## Exercise
Find the line below with "- 【Safe Built-in" and the line with "Твиттер-аккаунт Сан-Марино потроллил". Output them and the lines between, exactly, but not the pictures.

## Given data
---------------

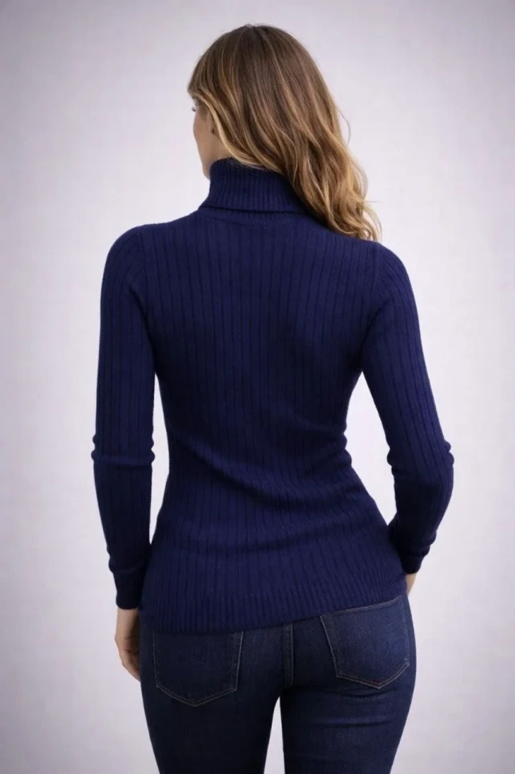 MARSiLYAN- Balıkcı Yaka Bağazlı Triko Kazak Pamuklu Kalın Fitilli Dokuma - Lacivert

---------------

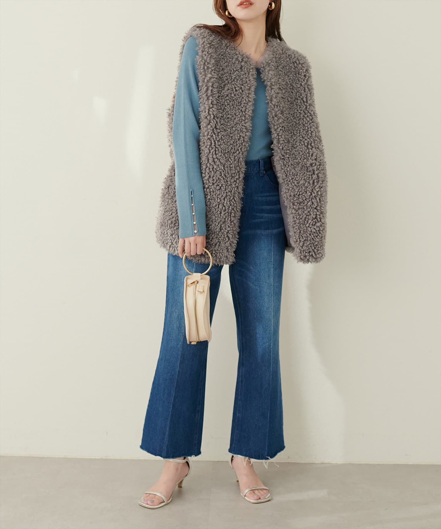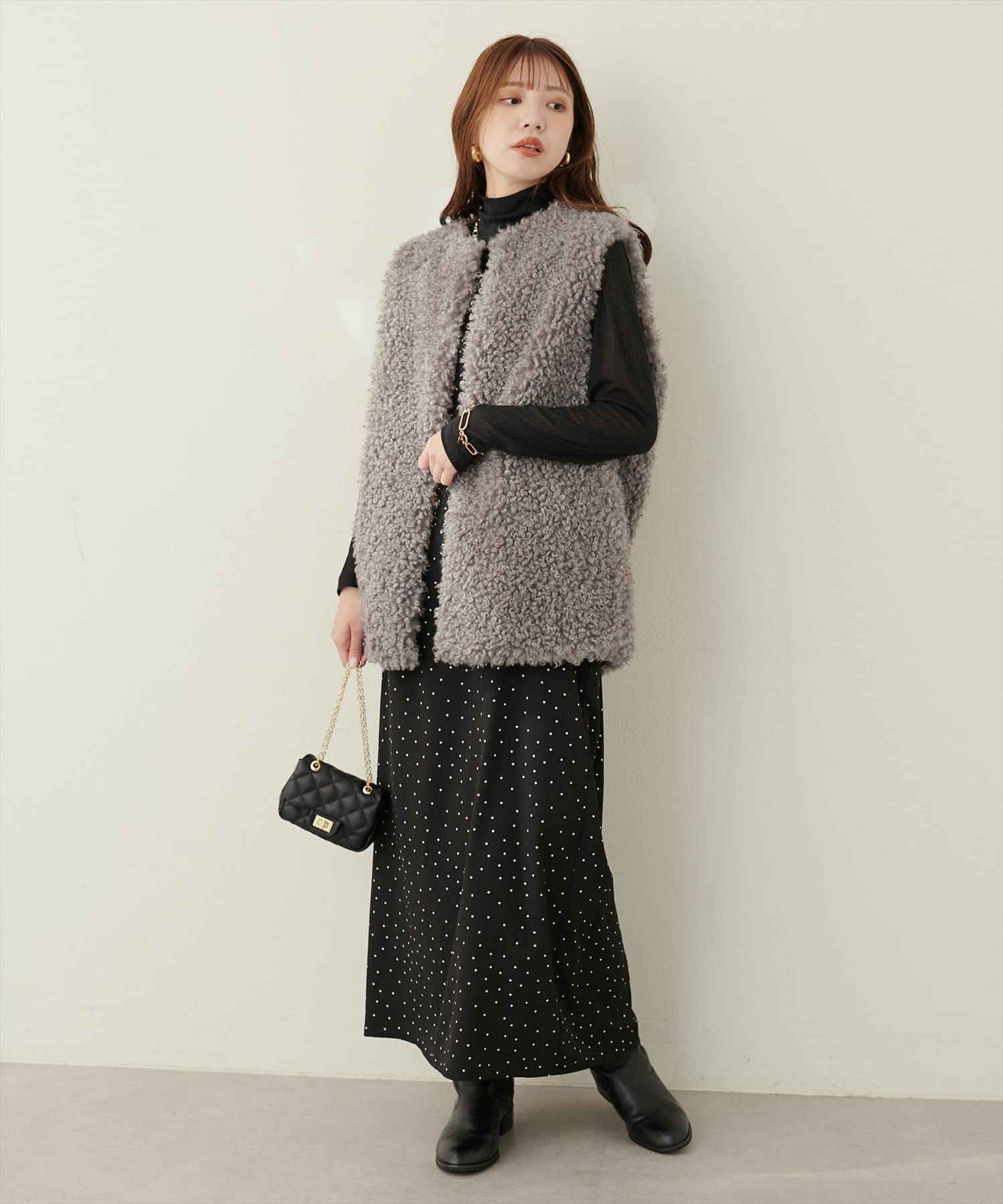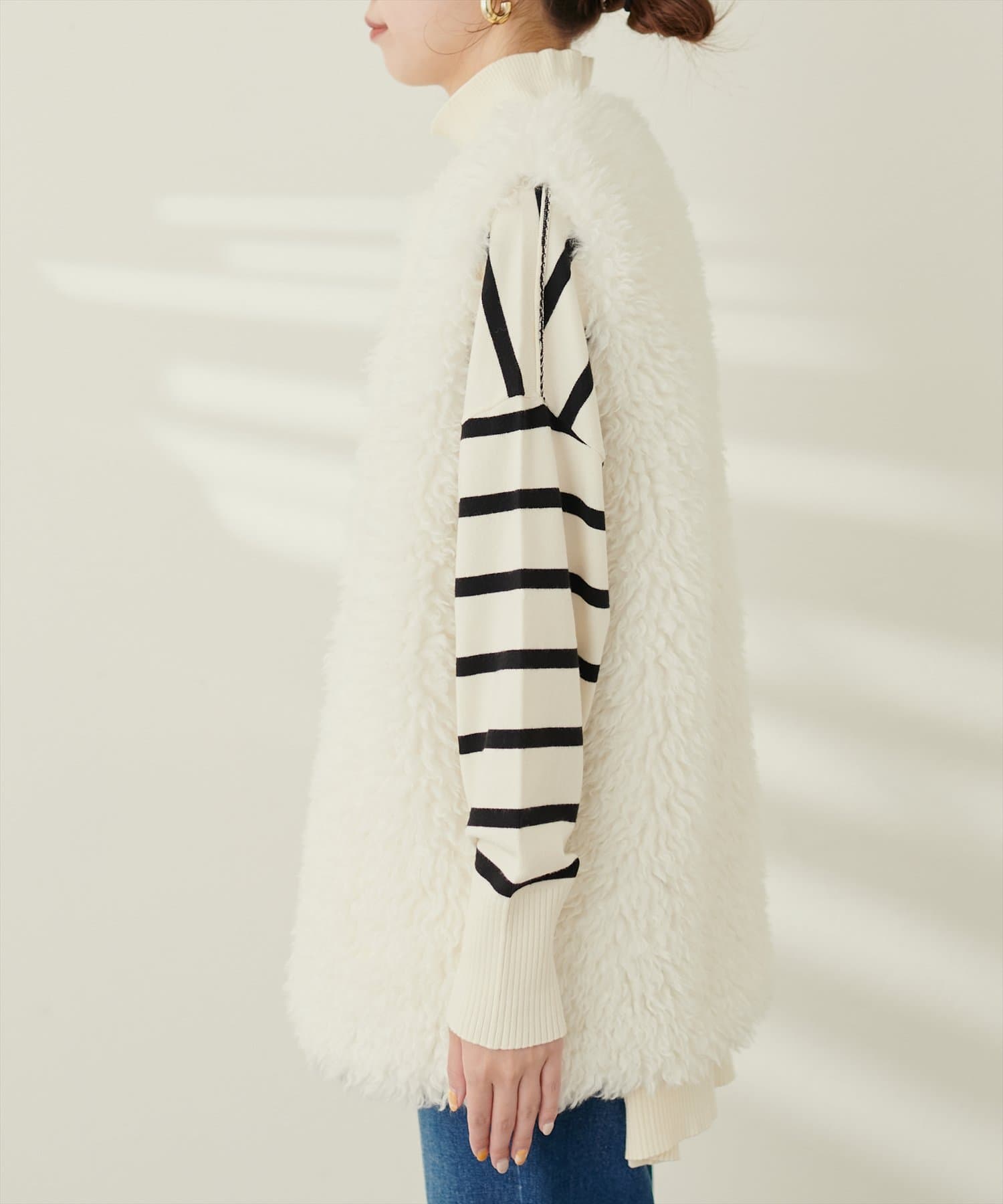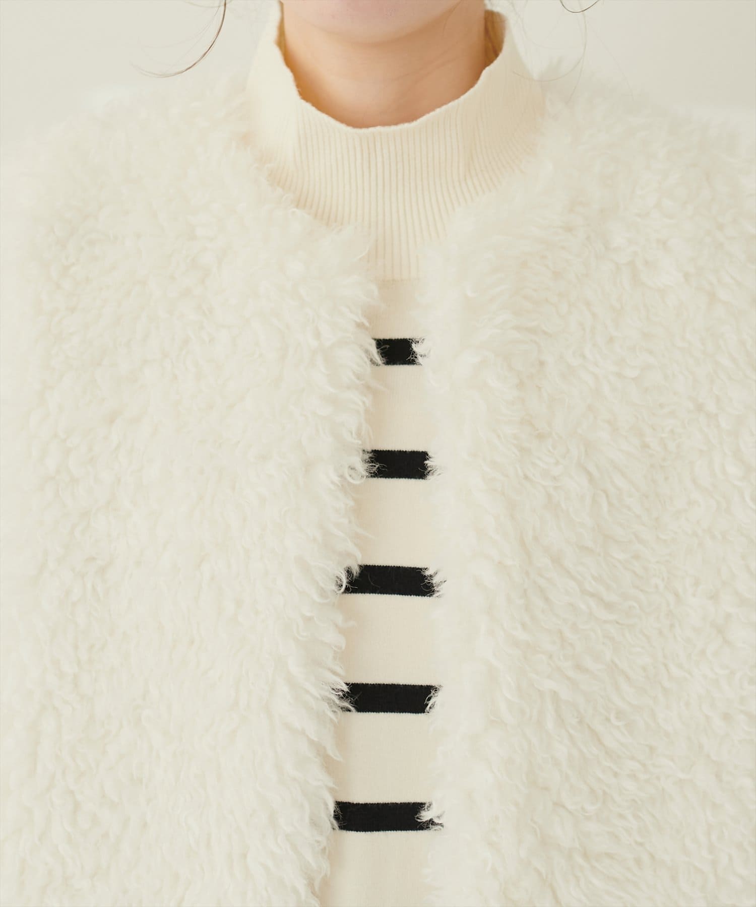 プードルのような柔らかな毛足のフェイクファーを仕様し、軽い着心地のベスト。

---------------

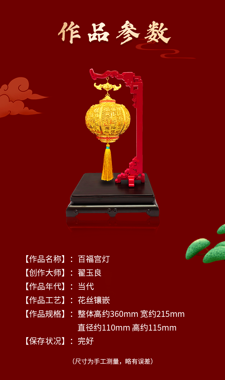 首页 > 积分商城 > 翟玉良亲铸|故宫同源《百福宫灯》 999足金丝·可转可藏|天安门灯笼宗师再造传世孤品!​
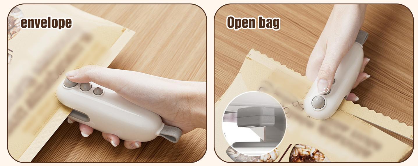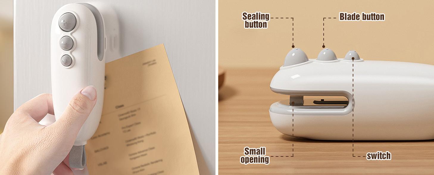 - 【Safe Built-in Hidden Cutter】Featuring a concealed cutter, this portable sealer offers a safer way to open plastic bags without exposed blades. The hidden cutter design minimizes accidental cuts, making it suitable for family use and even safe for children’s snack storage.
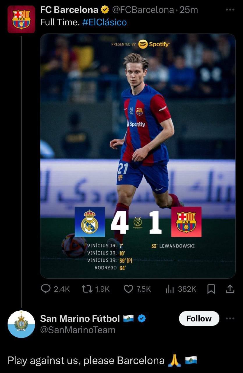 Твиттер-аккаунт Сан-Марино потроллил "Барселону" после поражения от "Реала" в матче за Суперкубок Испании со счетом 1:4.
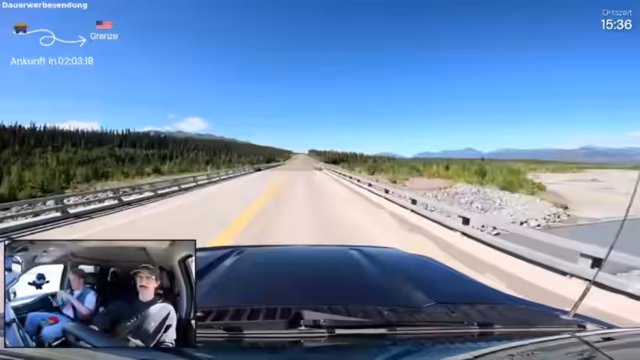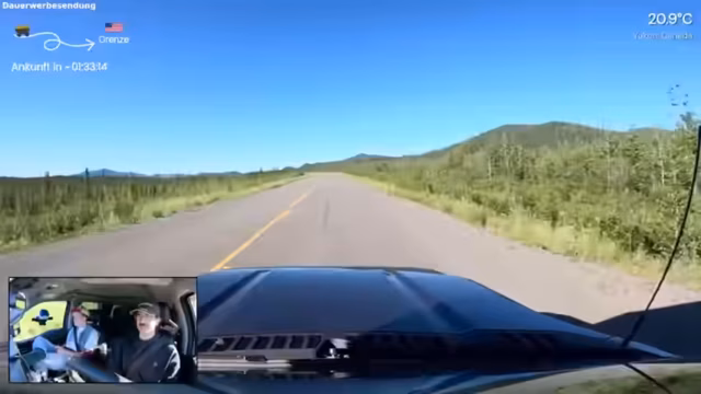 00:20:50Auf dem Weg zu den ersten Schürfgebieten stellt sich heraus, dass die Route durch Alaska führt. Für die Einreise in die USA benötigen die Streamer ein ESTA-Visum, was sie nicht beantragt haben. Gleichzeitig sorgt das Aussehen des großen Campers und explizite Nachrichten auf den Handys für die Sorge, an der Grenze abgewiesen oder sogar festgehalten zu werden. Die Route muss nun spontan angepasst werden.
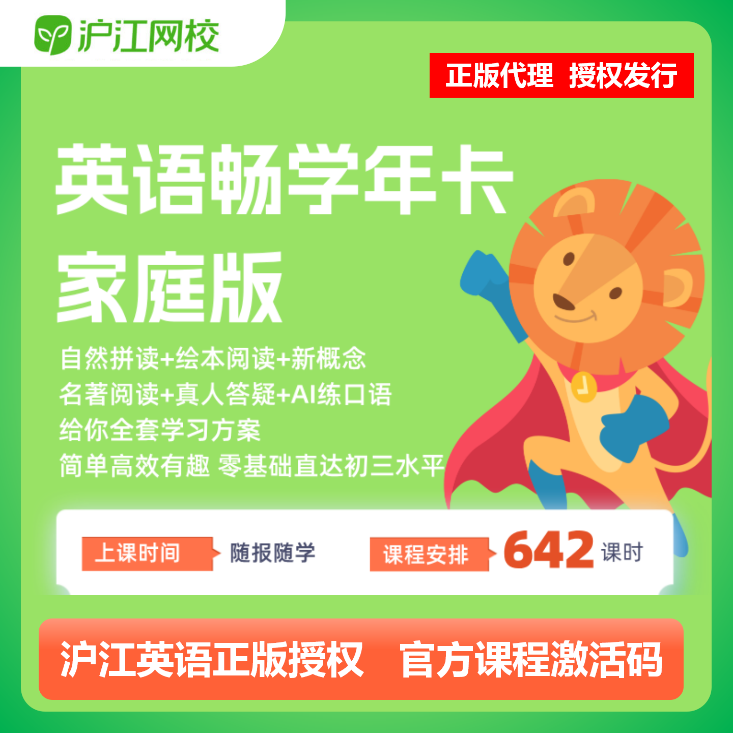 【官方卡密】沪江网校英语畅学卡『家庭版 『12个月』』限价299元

---------------

## Exercise result
 - 【Safe Built-in Hidden Cutter】Featuring a concealed cutter, this portable sealer offers a safer way to open plastic bags without exposed blades. The hidden cutter design minimizes accidental cuts, making it suitable for family use and even safe for children’s snack storage.
 Твиттер-аккаунт Сан-Марино потроллил "Барселону" после поражения от "Реала" в матче за Суперкубок Испании со счетом 1:4.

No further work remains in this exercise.